→ **EXTRACTED INFORMATION**
=======

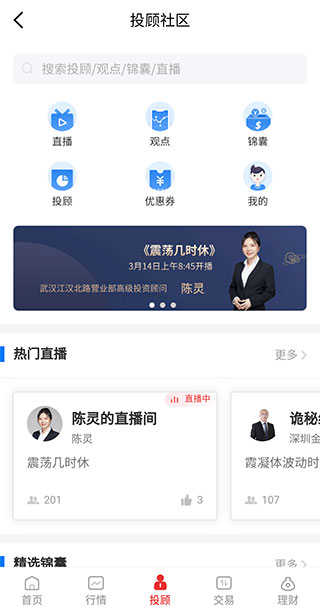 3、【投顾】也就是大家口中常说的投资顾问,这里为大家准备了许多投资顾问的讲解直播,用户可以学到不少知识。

=======

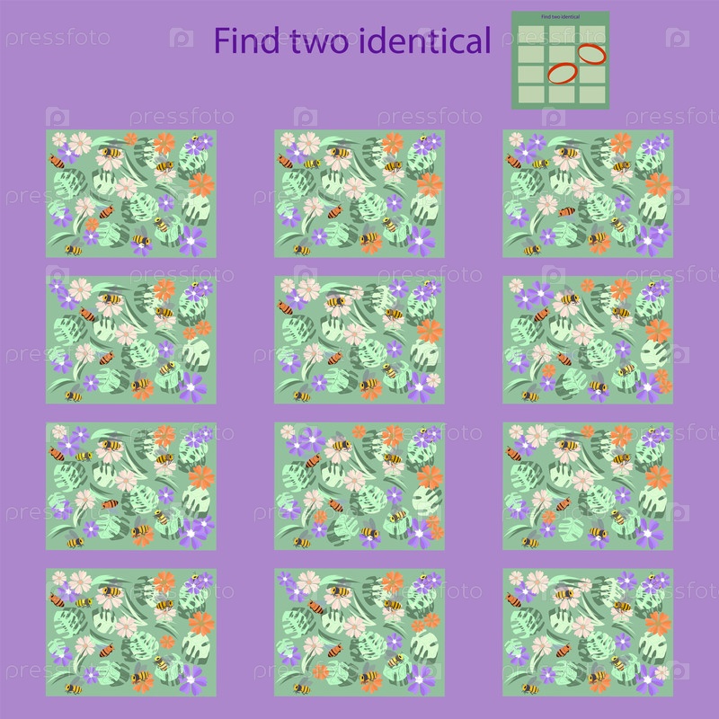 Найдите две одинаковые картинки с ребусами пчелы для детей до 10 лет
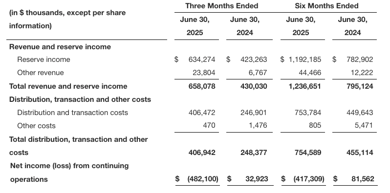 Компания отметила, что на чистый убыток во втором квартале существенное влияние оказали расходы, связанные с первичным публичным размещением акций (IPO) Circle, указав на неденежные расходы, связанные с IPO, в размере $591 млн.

=======

→ **AIM OF THE EXERCISE**
Set down word for word the lines above from the one with "Найдите две одинаковые" up to and including the one with "Компания отметила, что". Omit every picture.

→ **WRITTEN SOLUTION**
 Найдите две одинаковые картинки с ребусами пчелы для детей до 10 лет
 Компания отметила, что на чистый убыток во втором квартале существенное влияние оказали расходы, связанные с первичным публичным размещением акций (IPO) Circle, указав на неденежные расходы, связанные с IPO, в размере $591 млн.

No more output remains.